(Recorded data)
+++++

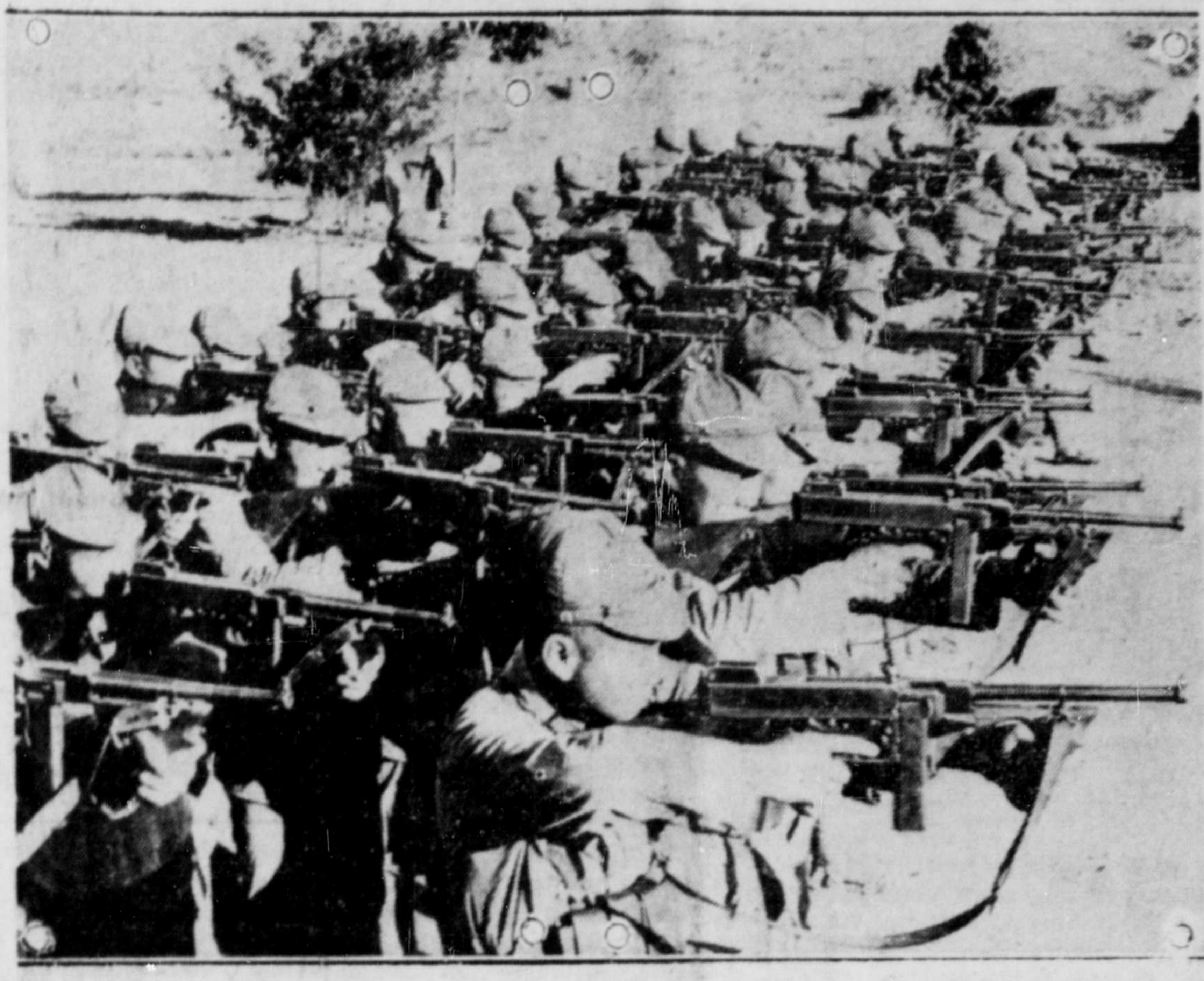
A remarkable picture, made by Harrison Forman, famous explorer and author of "Through Forbidden Tibet," showing a squad of Chinese Communists at drill with the latest thing in American-made Thompson sub-machine guns—replicas of the "Tommygun" made famous by American gangsters. These men, once hunted by the central government of Nanking, may now prove saviors of China, indications being that they'll do their bit to stop Japan.
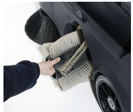
The filter and brushes can be accessed quickly and easily without tools for service and replacement
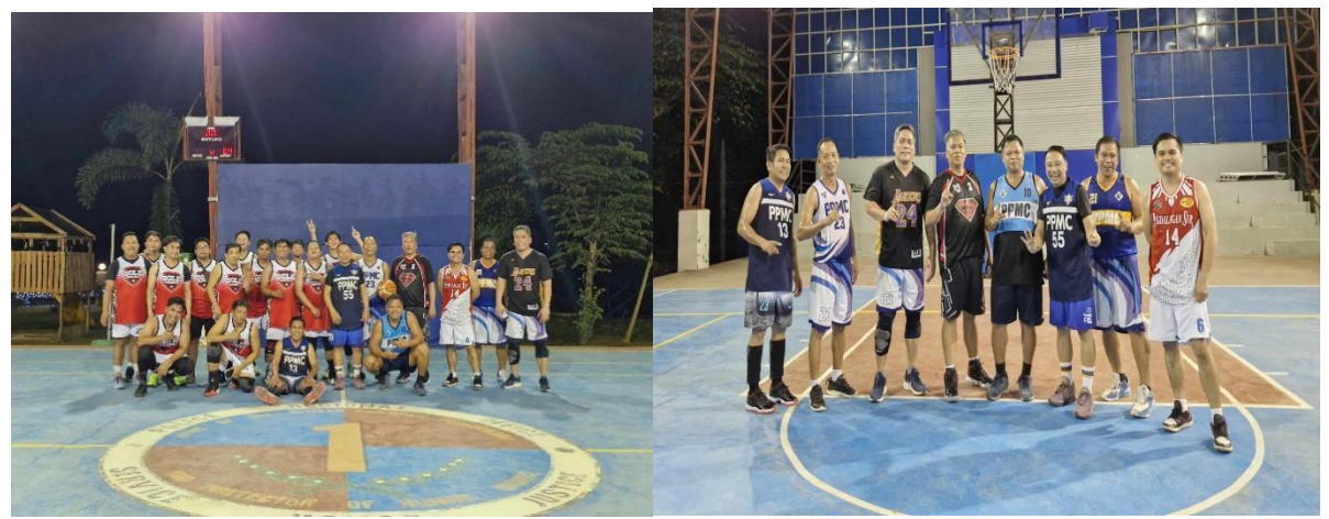
Active participation during invitational sports activities with other Government offices
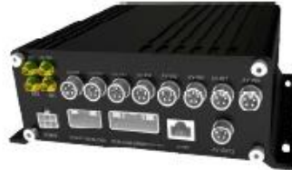
9108 Series- 8ch NVR /9204 Series- 4ch NVR
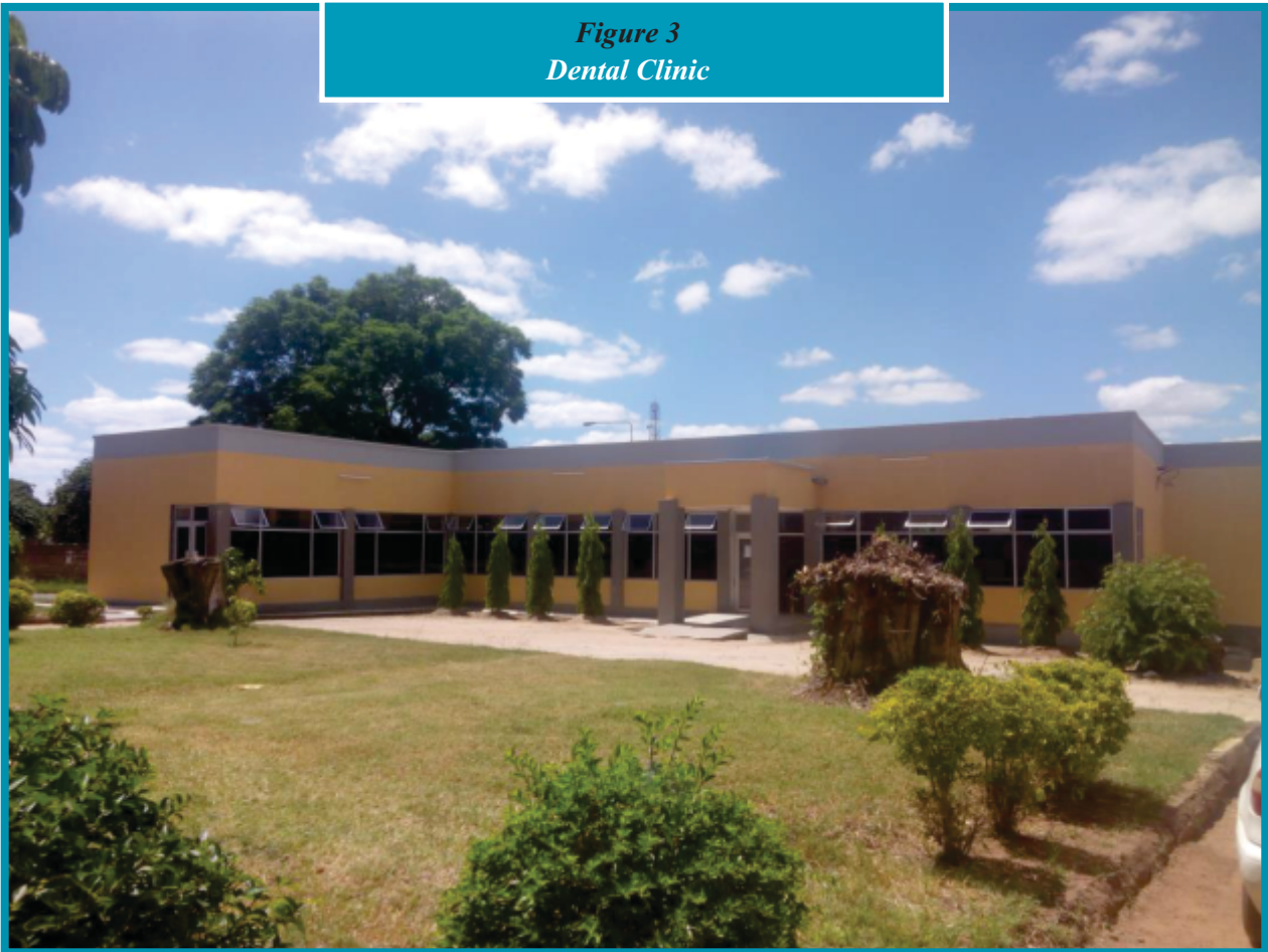
Figure 3 Dental Clinic

With new equipment in place the clinic was able to carry out the dental operations and referrals of patients to other hospitals like the University Teaching hospital (UTH) in Lusaka had reduced. And the facility had highly trained and dedicated team of dentists.
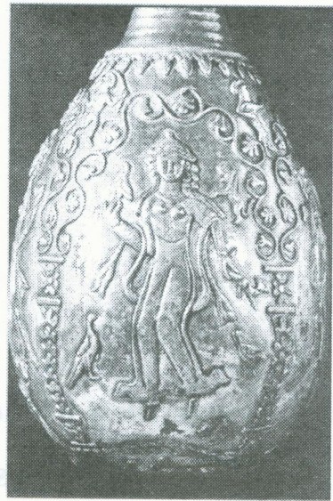
Figure 2 Silver vase showing a female holding a panther and a bird, National Museum, Tehran.

From the surviving objects of Sasanian silverwork, it seems that, after the royal figure depicted on the body of silver vessels, the numerous female figures, in dancing or walking pose, might be the next in terms of quantity. In addition, a small subset of female figures includes musicians playing the flute, guitar, or harp. The motifs are depicted on the body of a variety of vessels such as vases (Figures 1, 2), ewers (Figures 3, 4), plates (Figure 5), and bowls (Figure 6) with vase predominating. The exterior surface of the vessels, particularly in ewers and vases, is usually divided into two to four or six segments in the form of arched frames, each showing a female figure with number of distinctive details, often holding different objects.
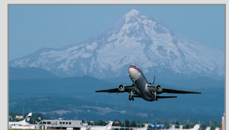
Airliner taking off from Portland International Airport with Mount Hood Volcano, 35 miles to the east, looming above the landscape. This active volcano last erupted about 200 years ago. Volcanic ash clouds from an explosive eruption of Mount Hood could create a major hazard for jet aircraft. (Photo courtesy of Port of Portland.)

Large plumes or clouds of volcanic ash from an erupting volcano can make a local problem a national or an international concern. This is especially true for aviation, because ingesting ash can cause jet engines to fail in flight. This image taken from the International Space Station in 2002 shows an eruption plume extending hundreds of miles downwind from Mount Etna, Italy (photo courtesy of NASA). Insets show a closeup of volcanic ash (top) and a view of an ash particle magnified about 200 times (bottom).
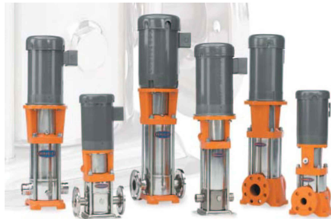
VERTICAL MULTI STAGE PUMPS

+++++

What this task involves:
Search the records above for the string "other". Report each line that has it.

Written answer:
Active participation during invitational sports activities with other Government offices
With new equipment in place the clinic was able to carry out the dental operations and referrals of patients to other hospitals like the University Teaching hospital (UTH) in Lusaka had reduced. And the facility had highly trained and dedicated team of dentists.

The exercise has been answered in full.